If there’s a fourth “miracle”, then it’s driving the hyper-realistic scanned Avatar Codec from the sensors and processors built into a VR headset that can be mass-produced and priced in the range of buyers.
“There are a lot of things to sort out,” Meta principal researcher Michael Abrash told UploadVR. “But I say the real miracle is how do you scale it?”
The meta-researchers said they wouldn’t allow anyone to drive someone else’s Codec avatar. This was hinted at in 2019 with some of the first public revelations of this technology and reiterated during the recent SIGGRAPH demo of the phone digitized version of avatars.
“Internally, we all see the fact that authenticity — the fact that you can trust that when you’re here in VR or AR, you are who you are — the other source is trusted,” Sheikh said. “It’s kind of like an existential requirement of this technology.”

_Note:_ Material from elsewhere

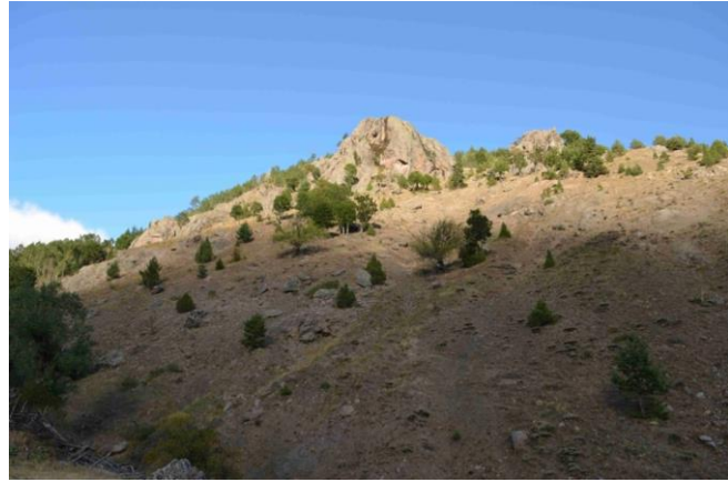
Resim 14. Topalaksığ Yerleşimi

Topalaksığ Yerleşmesi ise köyün 1 km kuzeyinde bulunan ve hemen batısından bir çay akan tepeüstü yerleşmesi olarak görülmektedir.

In the same way that Apple’s Face ID scans your face and headsets like HoloLens 2 or Magic Leap 2 authenticate users with their iris – Meta’s own headsets could one day do the same to ensure that the person who wears the helmet is the one that projects its specific scanned Avatar codec into the “metaverse”.
“What this thing will allow us to do is share spaces with people,” Sheikh said. “Videoconferencing allowed us to survive the pandemic, but we all realized in the end what was missing…it was the feeling of sharing space with each other.”